Unter Umständen nützt damit weder eine noch so kräftige UVB-Bestrahlung, noch eine (nicht ganz ungefährliche !) Zufütterung von Vitamin D3. Wenn das mit dem Futter zugeführte Calcium vom Körper nicht mehr verwertet werden kann, wird der Organismus das Calcium aus dem Knochengerüst ziehen. Dann stagniert logischerweise das Knochenwachstum, der Panzer wird eventuell weich, während Arme und Beine weiter an Umfang und Masse zunehmen und, wie das Foto zeigt, aus einem zu klein gewordenen Panzer herausquellen. Im weiteren Krankheitsgeschehen kann es zu einer massiven Erweichung des Panzers, zu seiner Absenkung (Flachpanzer) und sogar zu einem Knick in der Wirbelsäule kommen. Letzteres ist gut zu erkennen, wenn man von oben auf die Schildkröte blickt.

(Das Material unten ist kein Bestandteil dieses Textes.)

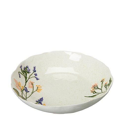 Malva skål är fin att ha som dekoration eller som ett uppläggningsfat. Skålen är gjord i porslin med ett blommönster.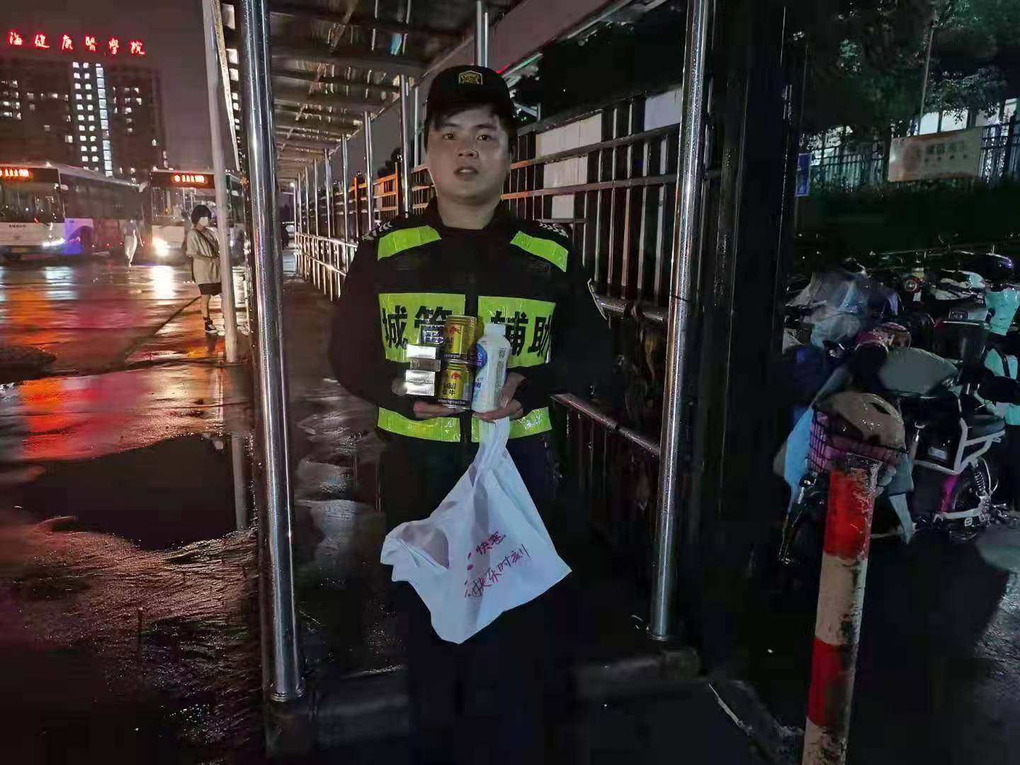 當(dāng)天20:00左右,劉福在周浦東地鐵站值勤時,突然有一名男子跑過來,遞給他一個塑料袋,說:“這么熱的天,你們辛苦了,這是給你們買的一些飲料。”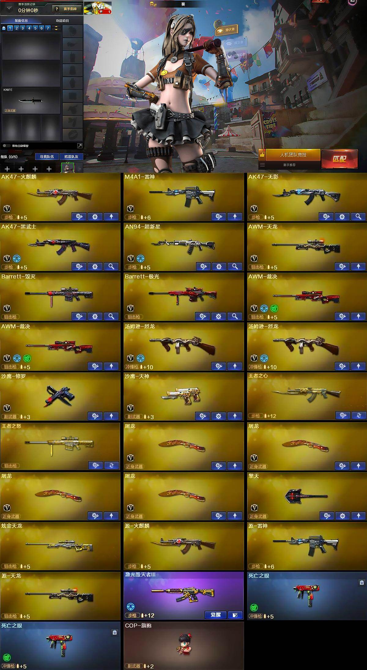 【英雄级武器】:AK47-火麒麟,M4A1-雷神,AK47-无影,AK47-黑武士,AN94-超新星,AWM-天龙,Barrett-毁灭,Barrett-极光,AWM-裁决*2,汤姆逊-烈龙*2,沙鹰-修罗,沙鹰-天神,屠龙*4,擎天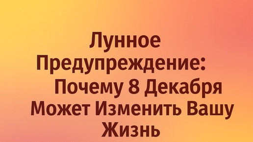Лунное Предупреждение: Почему 8 Декабря Может Изменить Вашу Жизнь и Кому Лучше Остаться Дома?
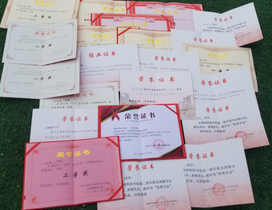奋斗的青春最美丽,正是点点滴滴的努力,让他们在各类活动赛事中脱颖而出,"学习贯彻党的十九大精神"征文比赛一等奖、“零元生存”挑战二等奖、三等奖,网络安全知识竞答二等奖 ,学院"情牵十九大,共绘中国梦"手抄报活动一等奖、主题演讲比赛三等奖……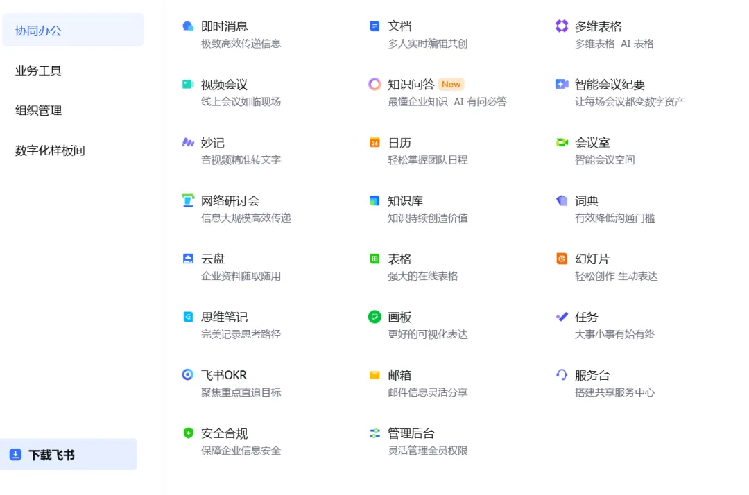 飞书作为国产协作平台的代表,由字节开发,集成了即时通讯、日历、文档、视频会议等功能。这款工具都能让个人和团队的协作效率大幅提升,而且现在融入了很多AI功能更能提高工作效率。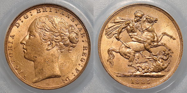 Sovereign Victoria 1885, Young head St George Reverse. PCGS graded MS 62 (10713140). Old tone.

Was ich Ihnen raten würde? Sie schreiben, dass sich Ihr "Felix" wohl fühlt. Kann er seinen Körper noch vom Boden abheben? Wenn ich mir das hier gezeigte Bild ansehe, kommen mir gewisse Zweifel. ..Wenn aber Ihre Schildkröte tatsächlich noch problemfrei laufen und fressen kann und wenn (noch ?) keine Knochenerweichung vorliegt, dann sollten Sie das Tier weiterhin gut versorgen und umsorgen, nach Rücksprache mit einem wirklich erfahrenen Reptilienarzt, vor allem auch mit Mineralien und Vitamin D3 (vermutlich würde eine Untersuchung von Kot, Harn und Blut die wahrscheinliche Ursache einkreisen). Wenn allerdings der Panzer trotz aller Maßnahmen weicher werden sollte, das Tier nicht mehr richtig läuft, offensichtlich Schmerzen beim Fressen hat und/oder das Futter ganz verweigert, dann sollten Sie mit Ihrem Tierarzt außer der Möglichkeit der Zwangsfütterung auch die Option einer Euthanasie der Schildkröte in Erwägung ziehen. Letzteres ist natürlich keine sehr schöne Maßnahme für Sie als besorgten Schildkröten-Liebhaber, aber für ein krankes, deutlich geplagtes Tier letztendlich doch eine Erlösung.